→ **Task inputs**:
──────────────────────────────

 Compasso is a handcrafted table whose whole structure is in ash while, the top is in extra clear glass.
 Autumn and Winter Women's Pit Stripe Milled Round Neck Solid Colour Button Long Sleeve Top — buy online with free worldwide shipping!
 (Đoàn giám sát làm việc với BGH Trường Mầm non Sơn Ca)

──────────────────────────────

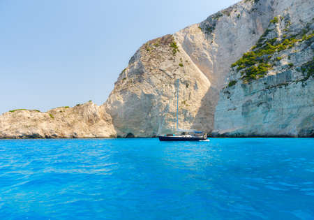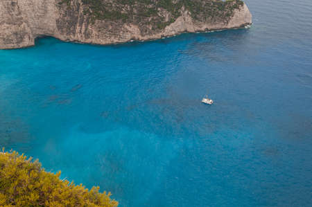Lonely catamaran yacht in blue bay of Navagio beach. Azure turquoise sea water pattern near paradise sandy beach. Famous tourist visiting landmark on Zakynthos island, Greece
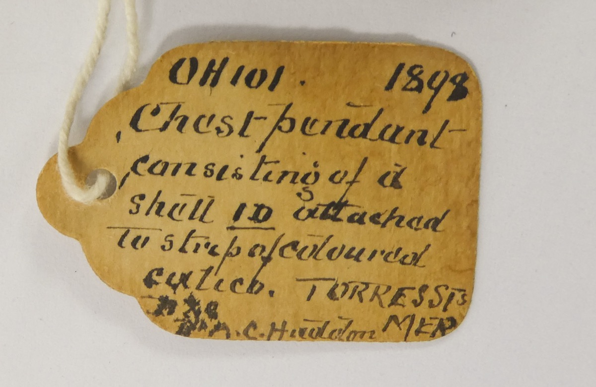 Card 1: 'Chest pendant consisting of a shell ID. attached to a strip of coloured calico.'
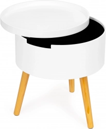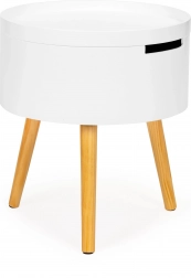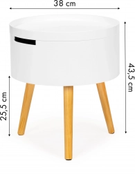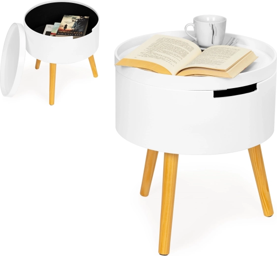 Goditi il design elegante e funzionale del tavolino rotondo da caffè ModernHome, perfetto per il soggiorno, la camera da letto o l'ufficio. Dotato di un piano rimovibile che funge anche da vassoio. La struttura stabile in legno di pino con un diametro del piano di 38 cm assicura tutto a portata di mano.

──────────────────────────────

→ **Action item**: The stretch above running from the line with "Lonely catamaran yacht" through the line with "Card 1: 'Chest" is all you should copy, exactly, leaving out the pictures.

→ **Written answer**:
Lonely catamaran yacht in blue bay of Navagio beach. Azure turquoise sea water pattern near paradise sandy beach. Famous tourist visiting landmark on Zakynthos island, Greece
 Card 1: 'Chest pendant consisting of a shell ID. attached to a strip of coloured calico.'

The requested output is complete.